The process includes cooking and steeping dried maize grain in water and food-grade lime (calcium hydroxide), rinsing the maize to remove the outer kernel cover (pericarp) and milling it to produce dough that can be consumed in different ways, according to Natalia Palacios, maize quality specialist at the International Maize and Wheat Improvement Center (CIMMYT). This method, first developed in Mesoamerica where the crop was originally cultivated, has existed in the region for thousands of years.

If adapted, modern nixtamalization technology could increase maize uses and offer Kenyans invaluable benefits. Food-grade lime is rich in calcium, providing nutritional and health benefits. Nixtamalized food products such as tortillas (small circular-shaped flatbreads) are said to have same nutritional value as milk. About 94 percent of Mexicans eat tortillas, with 79 kilograms (174 pounds) per capita being consumed in rural areas and 57 kilograms per capita in urban areas every year.

By removing the pericarp, the technology contributes to reduce aflatoxin fungal contamination levels in maize kernels by 30 to 60 percent. Due to aflatoxins, Kenya has suffered maize production losses and, more importantly, a loss of human lives. In 2004, 124 people died due to aflatoxin contamination, and 155,000 90-kilogram bags of maize had to be discarded, according to government reports. Nixtamalization technology may therefore also contribute to increasing food safety for Kenyan consumers, who, according to the U.N. Food and Agriculture Organization, are not fully aware of the harvest, drying and storage techniques necessary to prevent mycotoxin growth and contamination.

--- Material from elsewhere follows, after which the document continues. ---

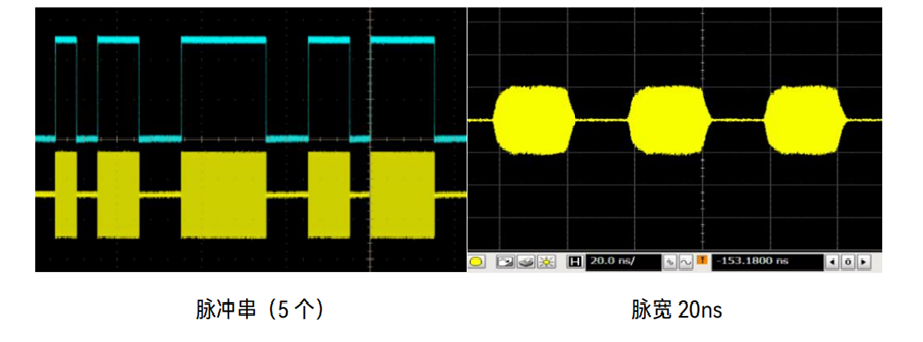 脈衝開關比大於80dB,上升下降時間小於10ns,選用窄脈衝選件H04,最小脈寬20ns,脈(mò)寬範圍(wéi)20ns~42s-10ns,步進10ns,支持門控、外(wài)部等多種觸發(fā)方式。

Participants prepare tortillas from nixtamalized dough. Photo: B. Wawa/CIMMYT
Participants prepare tortillas from nixtamalized dough. Photo: CIMMYT/Brenda Wawa

The benefits of nixtamalization will soon become a reality for Kenyans following the official presentation of nixtamalized maize mills to the Cabinet Secretary of Kenya’s Ministry of Agriculture, Livestock and Fisheries by Mexico’s ambassador to Kenya, Erasmo Martínez, which took place on 4 April 2016 in Nairobi. This event marked the official launch of a new project titled “Expanding maize utilization as food and enhancing nutrition improved health and development in Kenya through processing technologies from Mexico,” which will contribute to disseminating new technology across the country. The three-year project will be led by the Kenya Agricultural Livestock and Research Organisation (KALRO).

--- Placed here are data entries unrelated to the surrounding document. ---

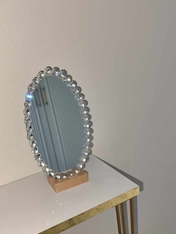 Parlak çerçeveli ve ahşap tabanlı bej masa aynası, her odaya şıklık katıyor.
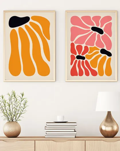 Peinture décorative encadrée 2 pièces Abstrait multicolore - 50x70 cm
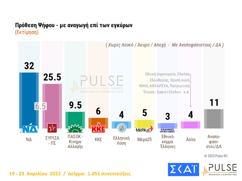 Στην πρόθεση ψήφου με αναγωγή επί των εγκύρων η Νέα Δημοκρατία έχει διαφορά 6,5% έναντι του ΣΥΡΙΖΑ με 32% και 25,5% αντίστοιχα. Ακολουθεί το ΠΑΣΟΚ με 9,5%, το ΚΚΕ με 6%, το ΜέΡΑ25 με 5%, η Ελληνική Λύση με 4% και το κόμμα Έλληνες με 3%. Άλλο κόμμα λέει το 4% και οι αναποφάσιστοι φτάνουν το 11%.

The launch was followed by a week of training of 27 trainers from the public and private sectors led by CIMMYT and its collaborators from the tortilla industry in Mexico City and the National Autonomous University of Mexico. The training focused on building the capacity of partners who will be the major drivers of the commercialization of nixtamalized products.

“Geographically Mexico is very far from Kenya, but we want to bring a technology that is benefiting millions of people in Mexico every day, and it’s my hope that this will go beyond Kenya,” Martínez said, lauding this milestone.  The Mexican embassy and the Mexican Agency for International Cooperation and Development played a crucial role in bringing the technology to Kenya.

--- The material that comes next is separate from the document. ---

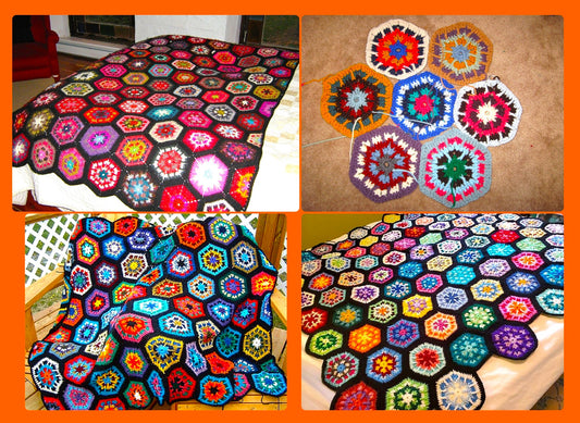 Vintage Crochet Afghan Pattern Kaleidoscope Hexagon Granny Squares PDF Instant Digital Download Beautiful Motifs 2 Designs 45x65 10 Ply
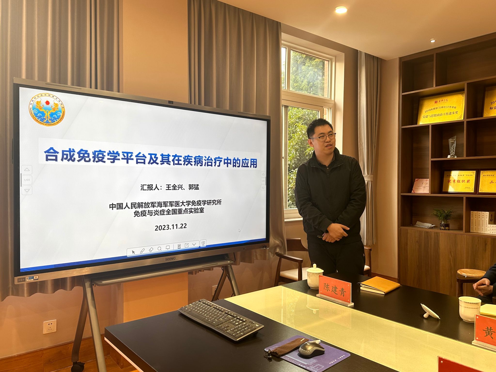 11月22日,第二军医大学医学免疫学国家重点实验室副主任、博士生导师王全兴教授在嘉兴学院G60创新研究院曹红副院长的陪同下来我院开展学科建设调研交流活动。学院党委书记陈云飞、副院长潘巍巍、病原生物学与免疫学教研室主任姜玉新,G60创新研究院项目管理部负责人黄志文,第二军医大学副教授郭猛等一行参加活动。会议由党委书记陈云飞主持。

“This technology is important because of its value addition to our food sector through reduction of aflatoxin exposure, increased market and income opportunities for youth and women, which will attract and improve their involvement in agribusiness,” said Sicily Kariuki, Cabinet Secretary for Public Service and Youth, who played a key role in the initial discussion on transferring this technology to Kenya.

KALRO will support raising awareness of the technology among small- and medium-sized companies, increasing their investment opportunities. KALRO is the custodian of the equipment donated by the Mexican government that is being used for training. CIMMYT will support this work by providing technical and capacity building expertise.

“We will help to evaluate and monitor grain quality besides developing resilient maize to ensure we have improved materials that fit the purpose of an efficient nixtamalization,” Palacios said. CIMMYT will also continue to collaborate with its partners on research aimed at finding further scientific evidence of the use of nixtamalization as a way of decreasing aflatoxin exposure.